On Fri, Feb 27, 2026, Yosry Ahmed wrote:
> On Fri, Feb 27, 2026 at 8:34 AM Sean Christopherson <seanjc@google.com> wrote:
> >
> > On Fri, Feb 27, 2026, Sean Christopherson wrote:
> > > So instead of patch 1, I want to try either (a) blocking KVM_SET_VCPU_EVENTS,
> > > KVM_X86_SET_MCE, and KVM_SET_GUEST_DEBUG if nested_run_pending=1, *and* follow-up
> > > with the below WARN-spree, or (b) add a separate flag, e.g. nested_run_in_progress
> > > or so, that is set with nested_run_pending, but cleared on an exit to userspace,
> > > and then WARN on _that_, i.e. so that we can detect KVM bugs (the whole point of
> > > the WARN) and hopefully stop playing this losing game of whack-a-mole with syzkaller.
>
> I like the idea of the WARN there, although something in the back of
> my mind tells me I went through this code before with an exception in
> mind that could be injected with nested_run_pending=1, but I can't
> remember it. Maybe it was injected by userspace and all is good.

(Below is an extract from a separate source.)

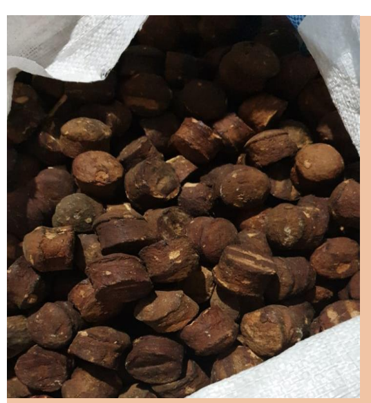
Indonesian Gambir Type B (Lumpang)
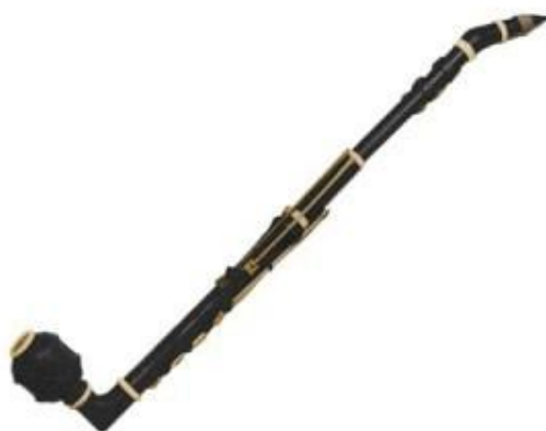
Slika 3 Stadlerov basetni klarinet in A

Anton Stadler bio je preokupiran šalmaj registrom klarineta, što je vjerojatni razlog nastanka 'produženog' klarineta, instrumenta koji je sredinom dvadesetog stoljeća prozvan 'basetni' klarinet, kako bi se naglasila njegova različitost od basetnog roga (također puno sviranog u Mozartovo vrijeme, za kojeg je i Mozart skladao djela) te bas klarineta (izumljenog tek u devetnaestom stoljeću). Basetni klarinet izumljen je na način da su standardnom klarinetu dodane dvije tipke na produženu cijev. Riječ je o tonovima koji su dublji od najdubljeg tona standardnog klarineta, pisanog e malog, a to su d mali i c mali. Taj instrument izumio je 1788. graditelj instrumenata Theodor Lotz, nakon čije će smrti 1792. zasluge za izum Stadler pripisati sebi, iako nije dokazano da je Stadler bio i izvođač i graditelj instrumenata. Prvi basetni klarinet bio je in B, dok će se u svim važnijim djelima, posebno Kvintetu i Koncertu, koristiti basetni klarinet in A. Krajem 1790. dokumentirano je da je basetni klarinet u Stadlerovom posjedu unaprijeđen kromatskim tonovima cis malim i dis malim, potencijalom koji je u Koncertu iskorišten, no ne i u Kvintetu čije je skladanje dovršeno i koji je praižveden godinu dana prije, u rujnu 1789.

If there is such a flow, it's likely a bug, i.e. we'd want the WARN. AFAIK,
every single time the WARN has been hit in the last ~2-3 years has been due to
syzkaller.
> That being said, I hate nested_run_in_progress. It's too close to
> nested_run_pending and I am pretty sure they will be mixed up.
Agreed, though the fact that name is _too_ close means that, aside from the
potential for disaster (minor detail), it's accurate.

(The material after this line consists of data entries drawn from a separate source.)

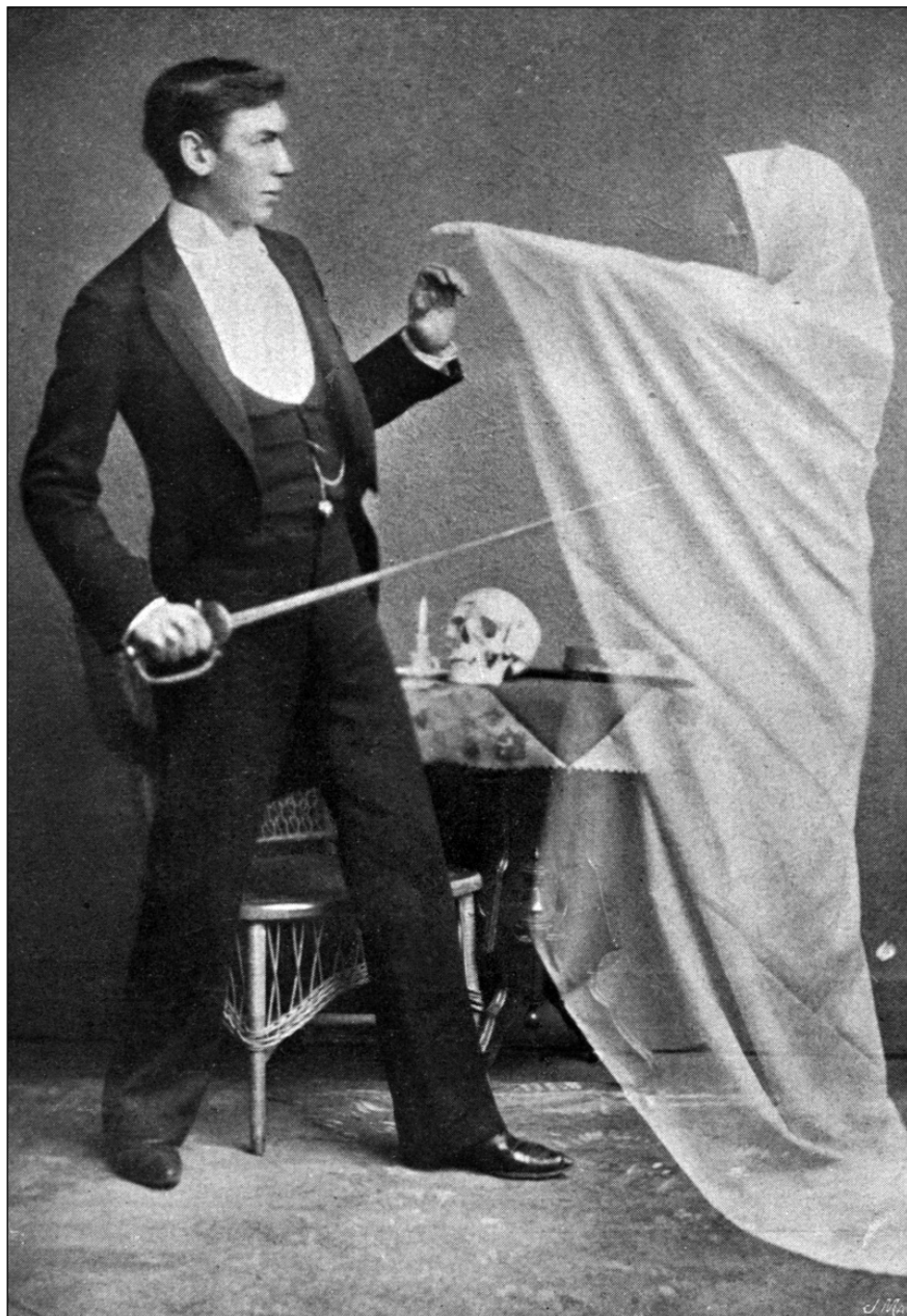
Рис. 1. Фотография духа
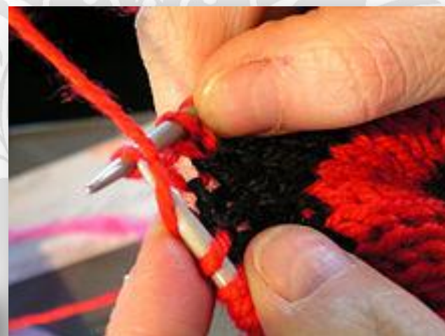
Вязание на спицах
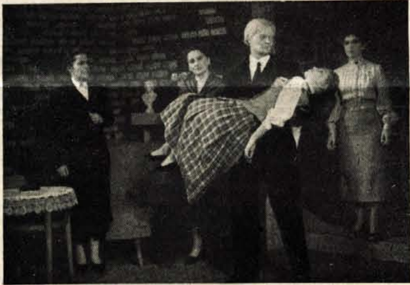
»VISOK JE ZID«

Morda utegne kdo ugovarjati, da film ni na tisti tehnični višini, kakršno smo vajeni dandanes, vendar moramo upoštevati, da je družba 20. Century Fox posnela ta film po istoimenskem romanu Jacka Londona pred dvajsetimi leti. Kljub temu pa moramo filmu priznati nekatere kvalitete, pa tudi to, da se je režiser William Hellman dokaj zvesto držal Londonove literarne predloge in hkrati v prizorih s psi zelo efektivno izoblikoval misel o praganou psa-voška. — Simpatični Clark Gable in ljubka Loreta Young nas v zgodbi popeljeta med love in skalce zlata na visoki ameriški sever, standardnemu srednemu koncu pa se izogneta. Tega si lahko priproji vsak gledalec sam po lastnem okusu. O ostalem: igra, fotografija in ostalih plach režije pa presodite sami! —aa—
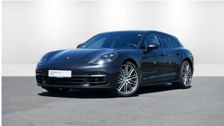
Porsche Zentrum Mainz
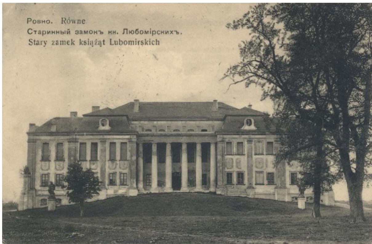
Палац князів Любомирських. Рівне, 1911 р. 2

Перша письмова згадка про Рівне, датована 1283 роком, міститься в латиномовній польській хроніці "Rocznik kapituły krakowskiej", де йдеться про переможну битву краківського і сандомирського князя Лешека Чорного з литовським військом. Однак, деякі розкопки можуть свідчити про те, що Рівне є стародавнім українським містом, адже, за твердженням дослідників, Рівне є 250 років старше: під час досліджень місцеві науковці відшукали будівлі, керамічний посуд, залишки зброї та будівель, датованих X століттям.
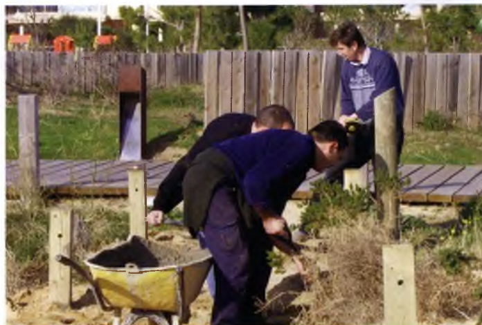
Les dunes es van protegir amb cordes i es van marcar itineraris per voltants per evitar que fossin trepitjades o malmenades.

L'espai web de l'Ajuntament de Sant Feliu de Guíxols ( www.guixols.net , ara ".cat") va registrar el seu rècord de visites anual. Un cop tancat l'exercici de 2004, l'estadística de visites de la pàgina web municipal va registrar un total de 165.575 visites en tot l'any. Aquesta xifra significava un 26,8% més que l'any anterior (130.464 visites). La web adaptada específicament per a minusvalids visuals ( www.guixols.info ) va assolir la xifra de 18.251 visites l'any 2004. El període més visitat del web municipal comprèn a l'estiu, els mesos de juny, juliol i agost, especialment el juliol, que s'emportava el nombre més alt de visites de tot el 2004. L'atracció de Sant Feliu com a destí turístic, la demanda de detalls via web sobre la Ciutat i la informació online del Festival Internacional de la Porta Ferrada podien ser algunes causes de l'increment.

One thought is to hide nested_run_in_progress beyond a KConfig, so that attempts
to use it for anything but the sanity check(s) would fail the build. I don't
really want to create yet another KVM_PROVE_xxx though, but unlike KVM_PROVE_MMU,
I think we want to this enabled in production.

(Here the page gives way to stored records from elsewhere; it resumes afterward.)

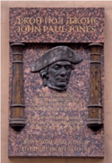
Мемориальная доска адмиралу Джонсу в Санкт-Петербурге.

Джон Пол Джонс поражал своей военной наглостью не только морских офицеров
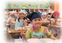
初めての給食！おいしかった！
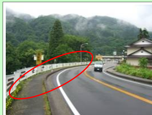
芦ノ牧橋の美化活動

・ 芦ノ牧温泉観光協会、県、会津若松市の三者で「うつくしま道・サポート」制度を締結し、「芦ノ牧温泉ポケットパーク」内の花壇への花植えのほか、芦ノ牧橋も含めた周辺の清掃活動を毎月定期的に行っています。
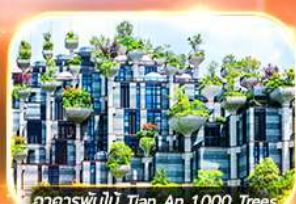
อาคารพันไม้ Tian An 1,000 Trees
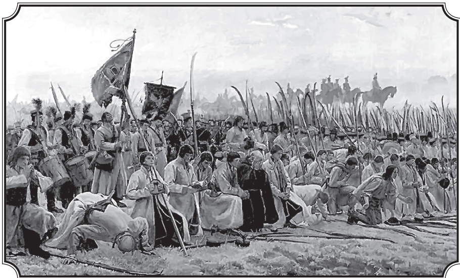
Иосиф Хельмонский. Восстание в Польше. Молитва перед битвой. 1906 г.

В 1794 г. на территории Речи Посполитой, включавшей в то время часть современных польских, белорусских, украинских и литовских земель, вспыхнуло восстание под предводительством Тадеуша Костюшко. Его участники, вдохновленные идеями Великой французской революции 1789—1794 гг., пытались противостоять исчезновению Речи Посполитой как самостоятельного государства.
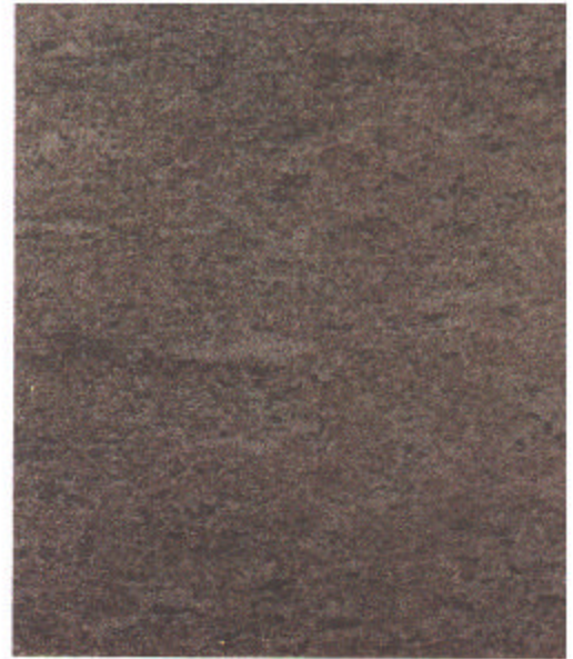
B Sa 2
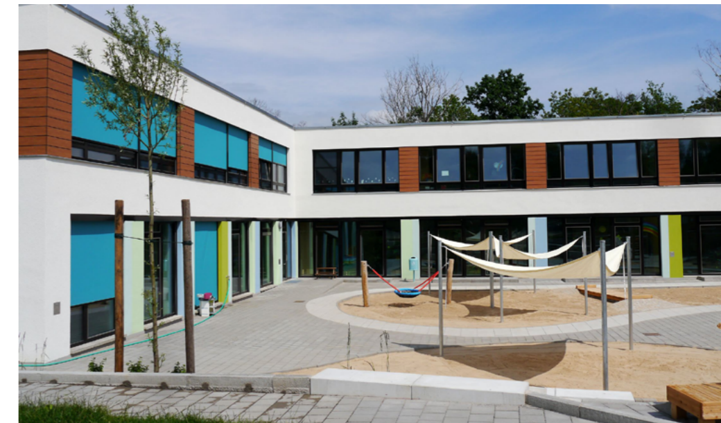
1 Neubau der „Kita Kiesteich-Surfer“: Im Falkenhagener Feld fehlten rund 590 Kita-Plätze. Auf einem Teilstück des Parkplatzes am Spektepark wurde deshalb eine Kita mit 119 Plätzen neu errichtet, davon 40 Krippenplätze für Kinder unter drei Jahren.

I'll chew on this a bit...
> exception_from_userspace's name made me think this is something we
> could key off to WARN, but it's meant to morph queued exceptions from
> userspace into an "exception_vmexit" if needed. The field name is
> generic but its functionality isn't, maybe it should have been called
> exception_check_vmexit or something. Anyway..
No? It's not a "check", it's literally an pending exception that has been morphed
to a VM-Exit.
Hmm, though looking at all that code again, I bet we can dedup a _lot_ code by
adding kvm_queued_exception.is_vmexit instead of tracking a completely separate
exception. The only potential hiccup I can think of is if there's some wrinkle
with the interaction with already pending/injected exceptions. Pending should be
fine, as the VM-Exit has priority.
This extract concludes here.